Here, we provide evidence to show that known potent and clinically approved inhibitors of thymidylate and purine biosynthesis, which include DHFR inhibitors methotrexate and pralatrexate and the thymidylate synthase inhibitors 5-fluoro-uracil and pemetrexed, show selectivity to rapidly proliferating tumors in patients with overexpression of genes coding for folate metabolism enzymes. To test this hypothesis, we analyzed in vitro data reported by the Genomics of Drug Sensitivity in Cancer at the Sanger Institute (Hinxton, Cambridge, UK; ref. 9) to determine whether upregulation of the mitochondrial folate enzymes was correlated with sensitivity to methotrexate, a potent inhibitor of dihydrofolate reductase, and when converted intracellularly to polyglutamates (10), an inhibitor of two enzymes of purine synthesis, phosphoribosylglycinamide formyltransferase (GARFT), and phosphoribosylaminoimidazolecarboxamide formyltransferase (AICART). A strong correlation between increased expression of 7 genes and lower IC50 for methotrexate was observed (Fig. 2a), including the genes coding for the folate mitochondrial enzymes SHMT2 (P = 3.8 × 10−4) and GLDC (P = 5.4 × 10−3), as well as SLC19A1 (coding for the RFC, P=4.1×10−3), DHFR (P=3.6× 10−5–5.4 × 10−4), TYMS (TS, P = 6.9 × 10−8), GART (GARFT, P = 3.6 × 10−3−1.7 × 10−2), and PHGDH (P = 1.5 × 10−2). These data support the hypothesis that methotrexate and potentially other inhibitors of thymidylate and purine biosynthesis could be used to target cancers with high rates of proliferation.

Figure 2.

Figure 2

Heatmap showing the expression of genes coding for enzymes in folate metabolism (blue, underexpressed; red, overexpressed). A, a collection of 515 tumor-derived cell lines sorted in decreasing order of their sensitivity for methotrexate (MTX), based on data from ref. (9). The samples were divided into 2 groups: sensitive (1/3 of samples with lowest IC50) and other (remaining samples). The right column shows a color-coded quantification of the P value for enrichment of samples with high expression (2-fold or above) in the sensitive group, whereas red indicates significantly enriched, the brighter the more significant, and blue not significantly enriched. B, a collection of 161 ALL sorted in decreasing order of their sensitivity to MTX, based on data from ref. (11). The samples were divided into 2 groups: sensitive (1/3 of samples with highest fold decrease in the leukemia cell count) and other (remaining samples). The right column shows a color-coded quantification of the P value as in A. C, a collection of 221 lymphomas grouped by subtype and sorted in decreasing order of c-myc gene signature, based on data from ref. (16). The right column shows a color-coded quantification of the P value for enrichment of samples with high expression (2-fold or above) among samples with a significant upregulation of the c-myc signature.
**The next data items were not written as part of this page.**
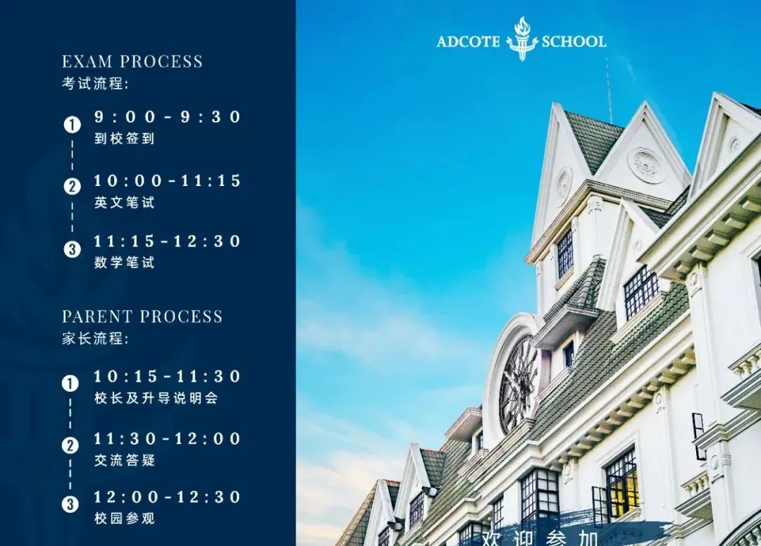 上海阿德科特学校入学考试包含英语和数学两场笔试。
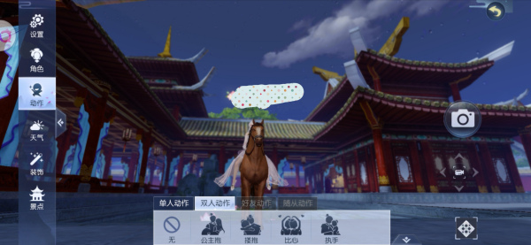 3.到达地点之后,点击,双人动作,和交互对象进行公主抱即可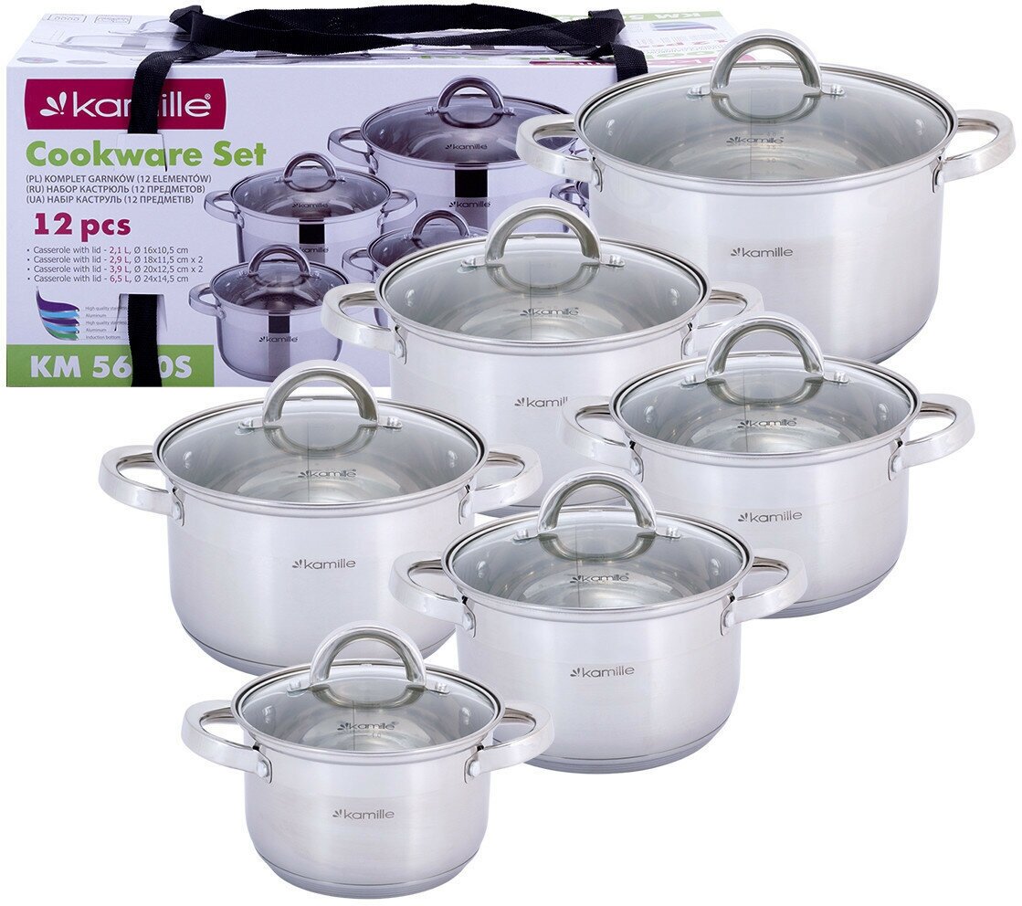 Купить Набор кастрюль 12 предметов из нержавеющей стали Kamille KM-5640S

D, samples from 508 breast cancers, based on data from ref. (18). The samples were divided in 3 groups with significant upregulation (top), nonsignificant (middle), and significant downregulation (Bottom) of the folate metabolism gene signature. The right column shows a color-coded quantification of the P value for enrichment of samples with high expression in the top group.

To provide further evidence, we analyzed a study reporting the response of patients with acute lymphoblastic leukemia (ALL) to methotrexate treatment (11). This study reports the leukemia cell counts before and after treatment together with the leukemia gene expression profiles before treatment. We used the fold change reduction in leukemia cell count as a quantification of sensitivity to methotrexate treatment. A strong correlation was observed between the sensitivity to methotrexate treatment and increased expression of the genes coding for the folate mitochondrial enzymes SHMT2 (P = 1.6 × 10−2) and MTHFD2 (P = 3.8 × 10−2) as well as the gene SLC19A1 (P = 1.1 × 10−2) coding for the RFC (Fig. 2b). Surprisingly, the expression of DHFR did not correlate with the response to methotrexate, underscoring the need to include the folate mitochondrial enzymes in the investigation of the mechanisms of response to methotrexate.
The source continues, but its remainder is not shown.